Investigation of Inter-Ion Species Diffusion in Inertial Confinement Fusion Implosions

Anomalous fusion yield degradation has been observed for gas fill mixtures in inertial confinement fusion (ICF) implosions. These mixtures have included D/3He [Rygg, et al., Phys Plasmas, \textbf{13}, 052702 (2006)], D/T/3He [Herrmann, et al., Phys Plasmas, \textbf{16}, 056312 (2009)], D/Ar [Lindl, et al., Phys Plasmas, \textbf{11}, 339-491 (2004)] and even D/T [Casey, et al., PRL \textbf{108}, 075005 (2012)]. Fuel ion segregation has been suggested as a possible cause [Amendt, et al., PRL \textbf{18}, 056308 (2011); Kagan, et al., Phys Ltr A 10.1016 (2014)]. Segregation may be caused by inter-ion species diffusion driven by gradients in plasma pressure, temperature and electric field, either across a relatively narrow shock boundary or across the entire interior of the compressed capsule.

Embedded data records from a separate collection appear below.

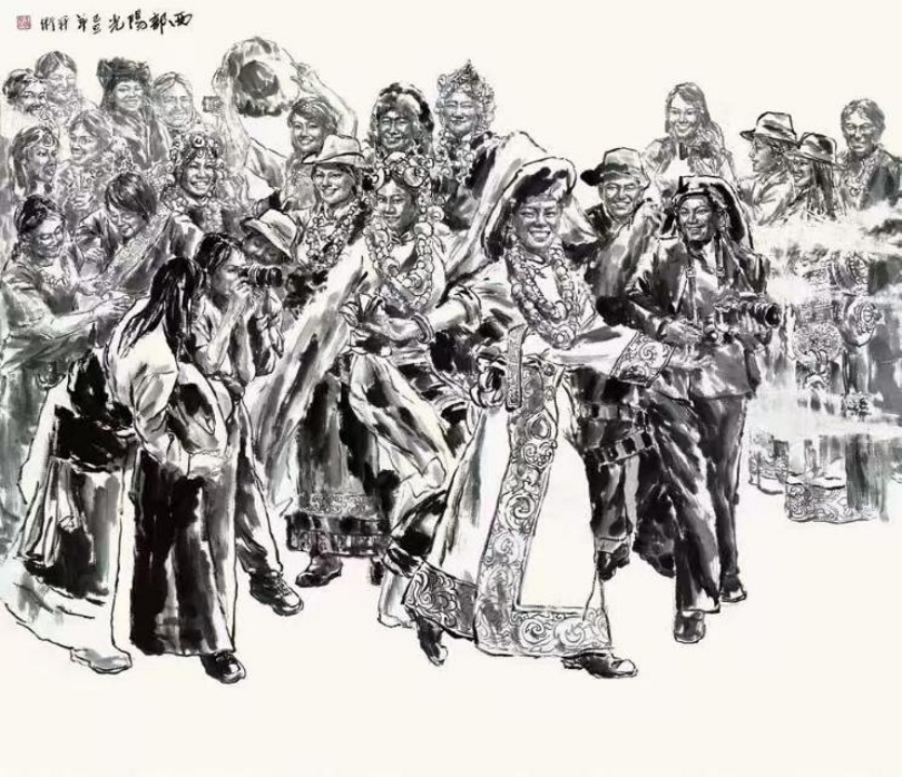 同時,他的創(chuàng)作始終與時代同頻共振?!逗教煊⑿鄣灾緞偂愤@幅作品,聚焦中國航天事業(yè)的高光時刻,以細(xì)膩的筆觸刻畫了航天英雄與各族群眾互動的溫馨場景。畫面色彩明快,人物神態(tài)生動,將航天英雄的榮耀與民眾的自豪之情巧妙融合,生動展現(xiàn)了時代的偉大成就,使作品具有強烈的時代印記與精神感召力。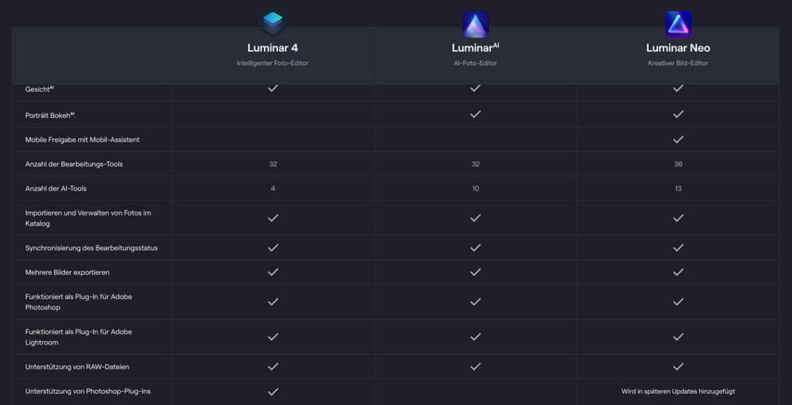 (Die vollständige Tabelle finden Sie auf skylum.com/de/luminar-neo )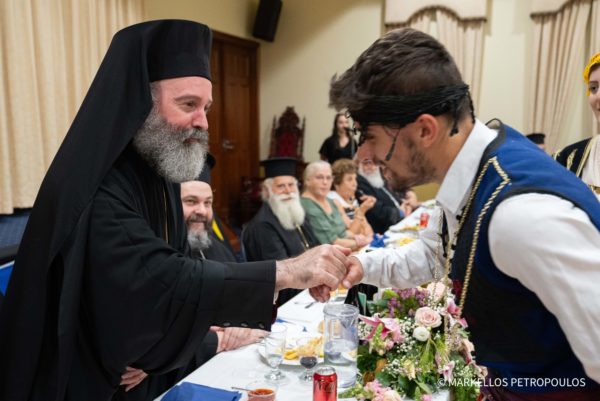 Στη διάρκεια του Δείπνου υποδοχής του Αρχιεπισκόπου Αυστραλίας, μέλη των χορευτικών συγκροτημάτων του Συνδέσμου Κρητών Νοτίου Αυστραλίας και μαθητές του ελληνικού σχολείου της Ενορίας – Κοινότητας Προφήτου Ηλιού παρουσίασαν παραδοσιακούς ελληνικούς χορούς, ενώ η εκκλησιαστική χορωδία «Άγιος Ιωάννης ο Δαμασκηνός» έψαλε εμμελώς ύμνους από την Ακολουθία του Εσπερινού του Αγίου Μεγαλομάρτυρος Μηνά.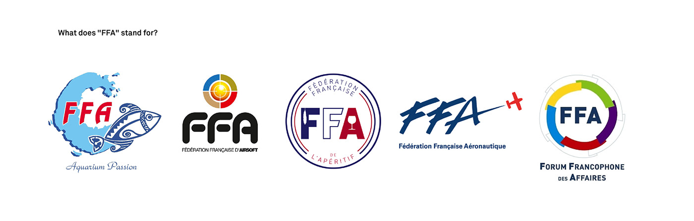 消除與其他現(xiàn)有FFA首字母縮略詞的歧義,這些縮略詞與田徑運(yùn)動(dòng)毫無關(guān)系(鋼鐵、航空、保險(xiǎn)等)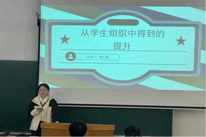 高乙阁同学讲述了她通过参加学生工作获得的成长。作为思政部部员和班级组织委员,她在学生工作中严谨认真,给部门和班级带来了正能量。她向大家分享如何能够平衡好学习和工作的关系,以达到提升学习成绩和个人能力的目的。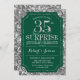 Convite de Surpresa de Celebração de 35º Aniversário de Casamento. Design elegante e sofisticado em verde floresta esmeralda e prata brilhante falsa. Apresenta fonte de letra elegante. Mensagem para mim se precisar de mais personalização.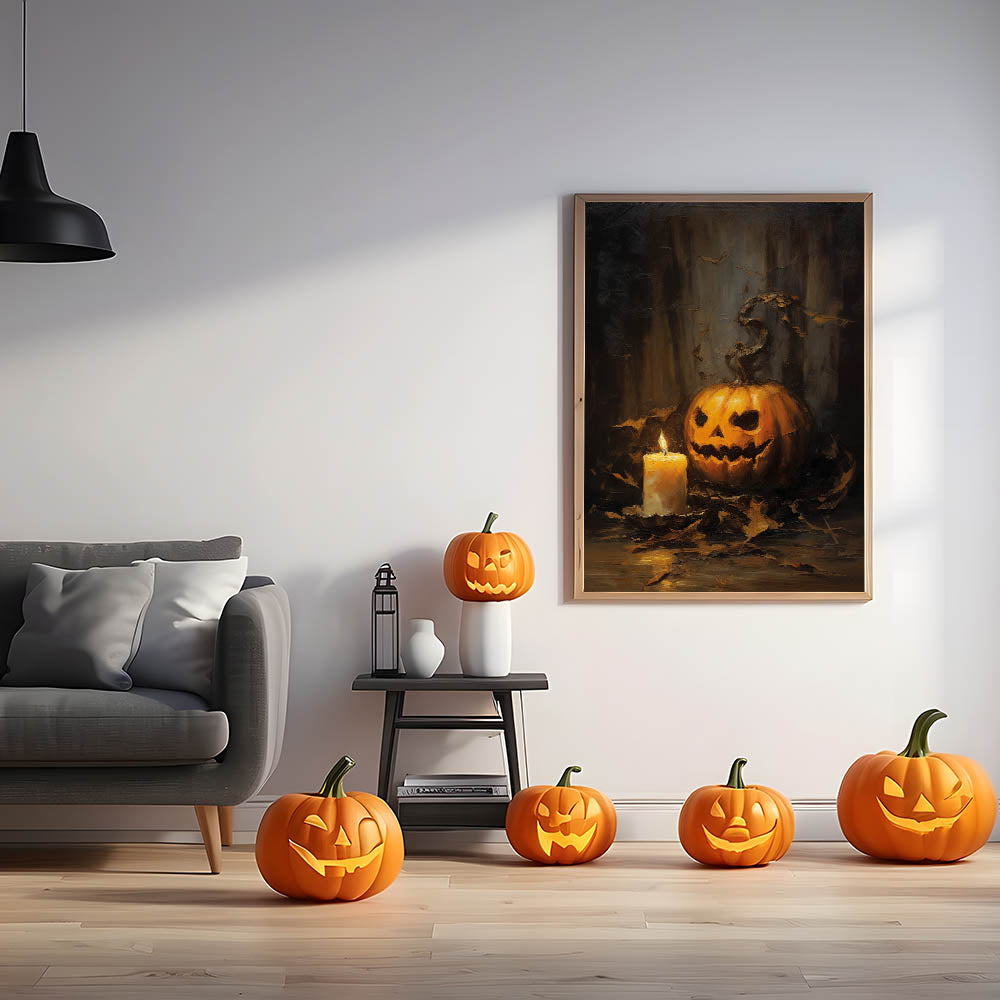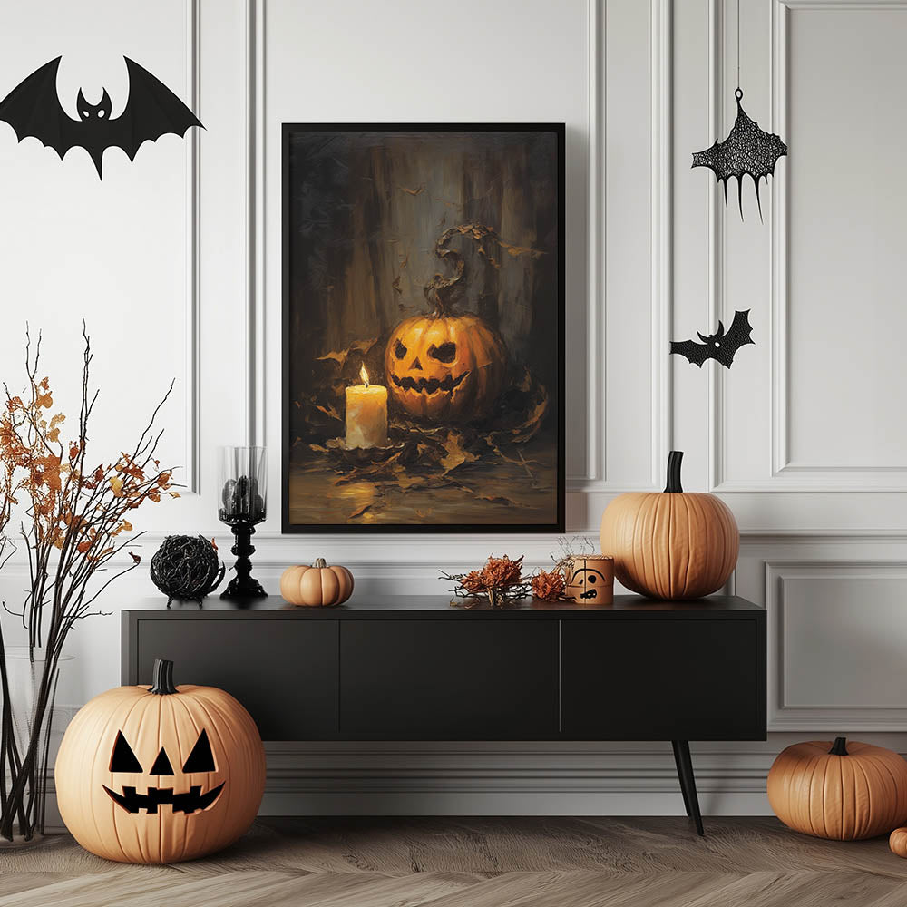 Bring a hauntingly beautiful glow to your space with this Jack-O'-Lantern Candlelight Halloween Wall Art. This mesmerizing oil painting features a sinisterly grinning pumpkin illuminated by the soft glow of a candle, surrounded by fallen autumn leaves in a dark, moody setting. The rich brushstrokes and warm, eerie lighting make this piece perfect for gothic and Halloween-inspired decor.

It is expected that lower Z {\&}/or A ions will diffuse outward while higher Z {\&}/or A diffuse inward. In the case of D/T/3He, the 3He diffuses inward to the hotter core, reducing the DT reactivity. A D/T/H mixture should result in H diffusing outward, leaving the hotter core D {\&} T rich and hence enhance reactivity over the simulated expectation. Past results will be reviewed and plans for a hydro-equivalent comparison D/T/$^{\mathrm{3}}$He and D/T/H will be presented.